2
votes

It was my understanding that MPI communicators restrict the scope of communication, such that messages sent from one communicator should never be received in a different one.

However, the program inlined below appears to contradict this.

I understand that the MPI_Send call returns before a matching receive is posted because of the internal buffering it does under the hood (as opposed to MPI_Ssend). I also understand that MPI_Comm_free doesn't destroy the communicator right away, but merely marks it for deallocation and waits for any pending operations to finish. I suppose that my unmatched send operation will be forever pending, but then I wonder how come the same object (integer value) is reused for the second communicator!?

Is this normal behaviour, a bug in the MPI library implementation, or is it that my program is just incorrect?

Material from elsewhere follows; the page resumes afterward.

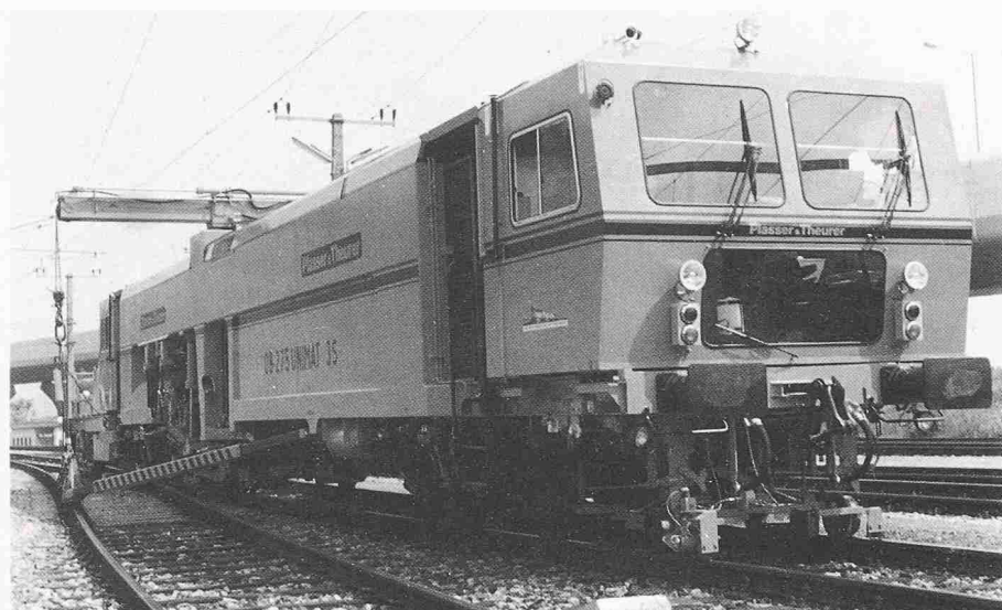
Bild 8. Universal-Stopmaschine für die Durcharbeitung von Gleisen und Weichen (Unimat 08-275)

Any suggestions are much appreciated!

LATER EDIT: posted follow-up question


#include "stdio.h"
#include "unistd.h"
#include "mpi.h"

int main(int argc, char* argv[]) {
    int  rank, size;
    MPI_Group group;
    MPI_Comm my_comm;

    MPI_Init(&argc, &argv);

    MPI_Comm_rank(MPI_COMM_WORLD, &rank);
    MPI_Comm_size(MPI_COMM_WORLD, &size);
    MPI_Comm_group(MPI_COMM_WORLD, &group);

    MPI_Comm_create(MPI_COMM_WORLD, group, &my_comm);
    if (rank == 0) printf("created communicator %d\n", my_comm);

    if (rank == 1) {
        int msg = 123;
        MPI_Send(&msg, 1, MPI_INT, 0, 0, my_comm);
        printf("rank 1: message sent\n");
    }

    sleep(1);
    if (rank == 0) printf("freeing communicator %d\n", my_comm);
    MPI_Comm_free(&my_comm);

    sleep(2);

    MPI_Comm_create(MPI_COMM_WORLD, group, &my_comm);
    if (rank == 0) printf("created communicator %d\n", my_comm);

    if (rank == 0) {
        int msg;
        MPI_Recv(&msg, 1, MPI_INT, 1, 0, my_comm, MPI_STATUS_IGNORE);
        printf("rank 0: message received\n");
    }

    sleep(1);
    if (rank == 0) printf("freeing communicator %d\n", my_comm);
    MPI_Comm_free(&my_comm);

    MPI_Finalize();
    return 0;
}

outputs:

created communicator -2080374784
rank 1: message sent
freeing communicator -2080374784
created communicator -2080374784
rank 0: message received
freeing communicator -2080374784
1
Interesting - I note this behaves differently in OpenMPI. I'm not sure if this is a bug per se, or the result of undefined behaviour (e.g., it's not clear to me whether it's valid to have free'd the communicator with that Send still obviously in flight). The re-using of the integer representation for the communicator doesn't really mean much one way or another; that's just a handle to an opaque object. Re-use of that is analogous to (I expect, very analogous to) re-using a table entry that's recently been freed.Jonathan Dursi
Unsurprisingly, under IntelMPI and mvapich2, this program correctly hangs at rank 1's send when using Ssend or messages larger than the eager limit. Presumably MPICH2, defensibly, doesn't view the send on my_comm as "pending" when it's been sent eagerly so proceeds and frees my_comm (OMPI hangs at comm_free). But I don't know if the resulting unexpected result is (a) undefined behaviour due to invalid early freeing of the communicator in user code (eg, like modifying the send buffer before you know it's been received), (b) incorrect MPICH2 behaviour, or (c) genuine ambiguity in the standard.Jonathan Dursi
..my mistake; in OpenMPI it hangs on the receive.Jonathan Dursi
This is likely a bug in MPICH (on which Intel MPI is based). Can you report this example to [email protected]?kraffenetti
@kraffenetti - Thanks! I didn't know Intel MPI was based on MPICH; I'll try reporting it there.i.adri

1 Answers

0
votes

The number you're seeing is simply a handle for the communicator. It's safe to reuse the handle since you've freed it. As to why you're able to send the message, look at how you're creating the communicator. When you use MPI_Comm_group, you're getting a group containing the ranks associated with the specified communicator. In this case, you get all of the ranks, since you are getting the group for MPI_COMM_WORLD. Then, you are using MPI_Comm_create to create a communicator based on a group of ranks. You are using the same group you just got, which will contain all of the ranks. So your new communicator has all of the ranks from MPI_COMM_WORLD. If you want your communicator to only contain a subset of ranks, you'll need to use a different function (or multiple functions) to make the desired group(s). I'd recommend reading through Chapter 6 of the MPI Standard, it includes all of the functions you'll need. Pick what you need to build the communicator you want.